В эмиграции Бунин создает притчу "Молодость и старость", подводящую итог его раздумьям о жизни человека, вставшего на путь наживы и приобретательства. "Бог сотворил небо и землю... Потом Бог сотворил человека и сказал человеку: будешь ты, [человек, жить тридцать лет на свете, — хорошо будешь жить, радоваться будешь, думать будешь, что все на свете для одного тебя Бог сотворил и сделал. Доволен ты этим? А человек подумал: так хорошо, а всего тридцать лет жизни! Ой, мало... Потом Бог сотворил ишака и сказал ишаку: будешь ты таскать бурдюки и вьюки, будут на тебе ездить люди и будут тебя бить по голове палкой. Ты таким сроком доводе»? И ишак зарыдал, заплакал и сказал Богу: зачем мне столько? Дай мне, Бог, всего пятнадцать лет жизни. — А мне прибавь пятнадцать, сказал человек Богу, — пожалуйста, прибавь от его доли! — И так Бог и сделал, согласился. И вышло у человека сорок пять лет жизни... Потом Бог сотворил собаку и тоже дал ей тридцать лет жизни<...>. Ты, сказал Бог собаке, будешь жить всегда злая, будешь сторожить хозяйское богатство, не верить никому чужому, брехать будешь на прохо­жих, не спать по ночам от беспокойства. И... собака даже завыла: И, будет с меня и половины такой жизни! И опять стал человек просить Бога: прибавь мне и эту половину! И опять Бог ему прибавил... Ну, а потом Бог сотворил обезьяну, дал ей тоже тридцать лет жизни и сказал, что будет она жить без труда и без заботы, только очень нехороша лицом будет... лысая, в морщи­нах, голые брови на лоб лезут, — и все... будет стараться, чтоб на нее глядели, а все будут на нее смеяться. И она отказалась<...>. И человек выпросил себе и эту половину<...>. Человек свои собственные тридцать лет прожил по-человечески — ел, пил, на войне бился, танцевал на свадьбах, любил молодых баб и девок. А пятнадцать лет ослиных работал, наживал богатство. А пятнад­цать собачьих берег свое богатство, все брехал и злился, не спал ночи. А потом стал такой гадкий, старый, как та обезьяна. И все головами качали и на его старость смеялись".

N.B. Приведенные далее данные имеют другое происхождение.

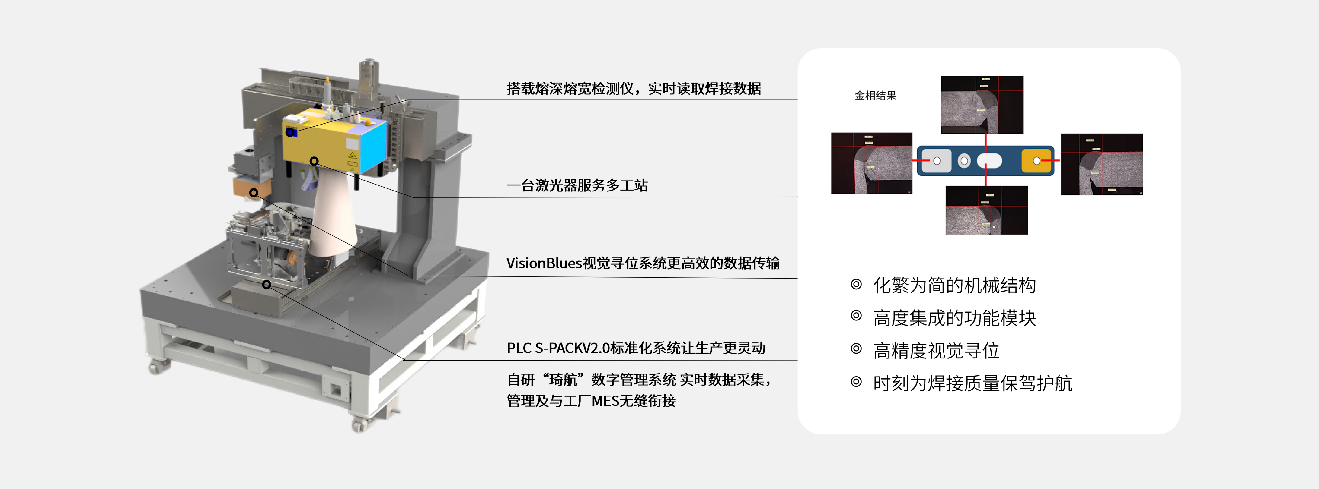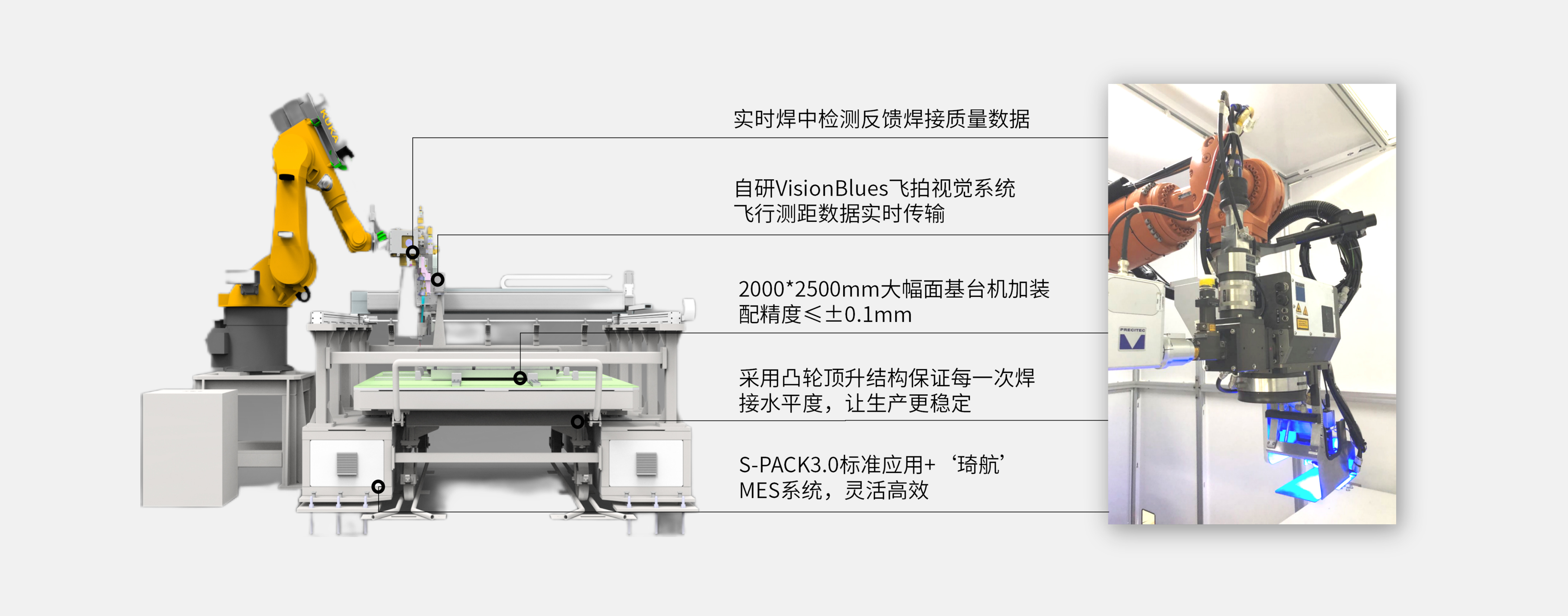 该产品是针对新能源锂电池 CTP 焊接场景设计的集成化工作站,融合 CCD、视觉识别、焊中检测、飞行焊接、MES 系统等多项技术,搭载 2000*2500mm 大幅面基台机,采用凸轮顶升结构保障焊接水平度,可实现焊接过程的实时数据监控与高效生产,核心目标是达成 20JPH 的高质高效生产需求。

Рассказ "Господин из Сан-Франциско" можно считать полно­кровным полотном жизни, позднее свернутым в тугие кольца притчи "Молодость и старость". Но уже в нем по законам притчи вынесен суровый приговор человеку-ослу, человеку-собаке, че­ловеку-обезьяне, а более всего — "Новому Человеку со старым сердцем", который установил на земле антигуманные законы, слышно осуждение всей земной цивилизации, заковавшей себя в кандалы лживой морали.

Весной 1912 г. весь мир облетело сообщение о столкновении с айсбергом крупнейшего пассажирского судна "Титаник", о страшной гибели более чем полутора тысяч человек. Это событие прозвучало предостережением человечеству, упоенному научными успехами, убежденному в своих безграничных возможностях. Огромный "Титаник" на какое-то время стал символом этой мощи. Но его погружение в волны океана, самоуверенность капитана, не внявшего сигналам опасности, неспособность про­тивостоять стихии, беспомощность команды еще: раз подтвердили хрупкость и незащищенность человека перед лицом космических сил. Может быть, наиболее остро воспринял эту катастрофу И.А. Бунин, увидевший в ней итог деятельности "гордыни Нового Человека со старым сердцем", о чем он и написал в своем рассказе "Господин из Сан-Франциско" три года спустя, в 1915 г.